Re-visiting after a while I feel another answer is justified.
You are actually asking several distinct questions:
- How did George W. Bush make torture legal?
- What did Obama undo?
- How did government organizations get away with using torture?
I'll answer the first and the third one.
In your post you make a statement which already contradicts the premise of the first question:
"Obviously it was illegal."
I fully agree with your own statement: The government (Bush, congress) didn't make torture legal, because they couldn't. Nobody can. Torture is illegal and stays illegal. This is even though there were written laws and interpretations allowing torture, or denying that e.g. waterboarding is torture.

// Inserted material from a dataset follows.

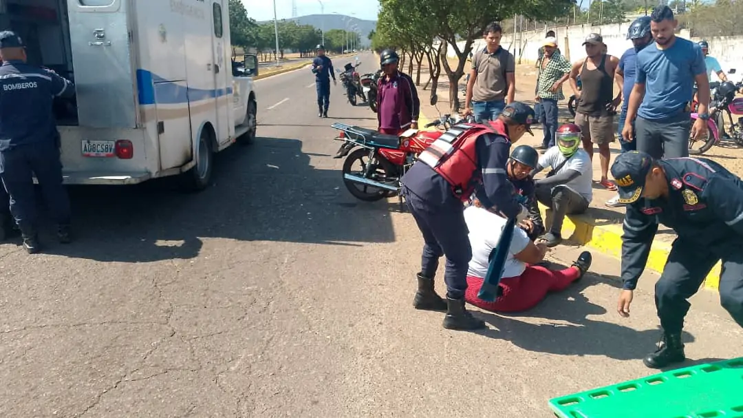 El accidente fue atendido por funcionarios de los bomberos de Miranda, quienes trasladaron a los lesionados al hospital Doctor Alfredo Van Grieken. Quedaron identificados como Josué Chirino de 32 años, conductor de la moto Haojin roja, placa A03T34D. Tuvo traumatismo generalizado y escoriaciones múltiples.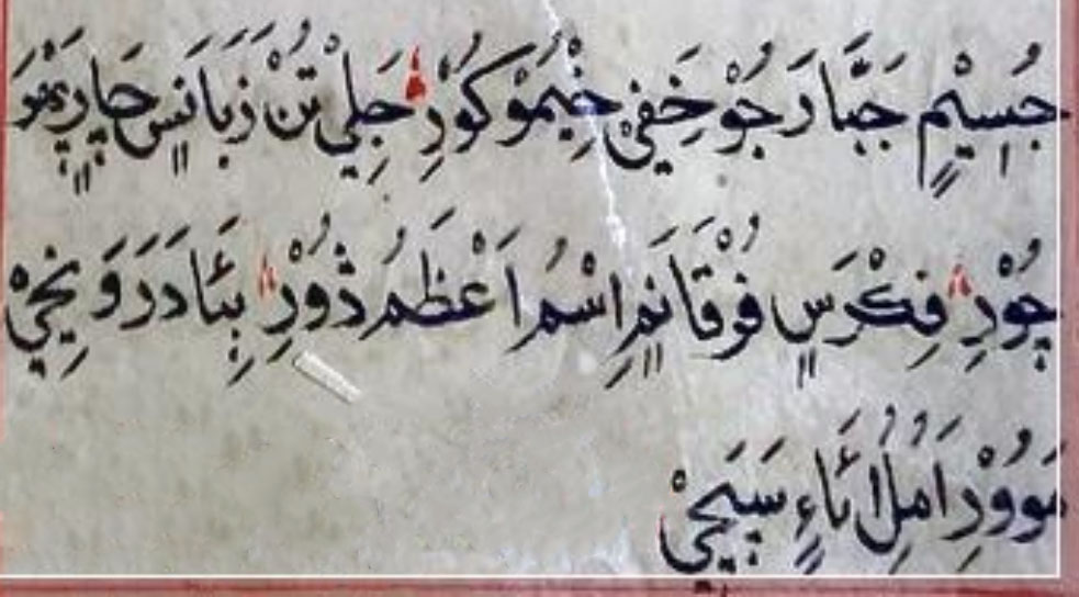 جُسٖيْمٍ جَبَّارَ جُوْ خَفِيْ خِيْمُوْ کُوْرِ﮶

It is unusual to claim that a body of law and law interpretation which has been produced in a process conformant with the constitutional rules — the positive law — does not constitute applicable law. Such claims are only made when the results of the legal process deviate far from commonly accepted "self-evident" principles — usually human rights —, even though their conception was formally compliant and the resulting law forms a formally consistent body. The key is "self-evident". A sensible individual could simply tell that the written law was not abiding by commonly required standards.
The GDR soldiers killing fugitives climbing the Berlin wall were sentenced with such an argument because they did nothing forbidden according to GDR law. In its decision, the highest German court applied formerly established principles:
"Der Widerspruch des positiven Gesetzes zur Gerechtigkeit muß so unerträglich sein, daß das Gesetz als unrichtiges Recht der Gerechtigkeit zu weichen hat" ("the discrepance between the positive law and actual justice must be so unbearable that the statute as incorrect law has to yield to justice").
Another famous example is the prosecution of crimes committed by the National Socialist government.
Of course "actual justice" is in the eye of the beholder: It is no coincidence that both trials happened after a nation and its legal system ceased to exist. Positive law, even one as rotten as the Nazis's, is usually a formalization of the perceived "actual justice" of a government and its people; its actual injustice is a difference to a different frame of reference. One needs to assume an outside view to perceive that injustice.
This realization is the key to answer your question how the government got away with torture: The U.S. still exists. The uninterrupted line of succession from the government that declared torture legal makes it unlikely that "the positive law yield to justice". No American government will conduct the equivalent of the Nuremberg trials or even the "Berlin Wall guards" trials against former presidents or John Yoo, at least not before the revolution.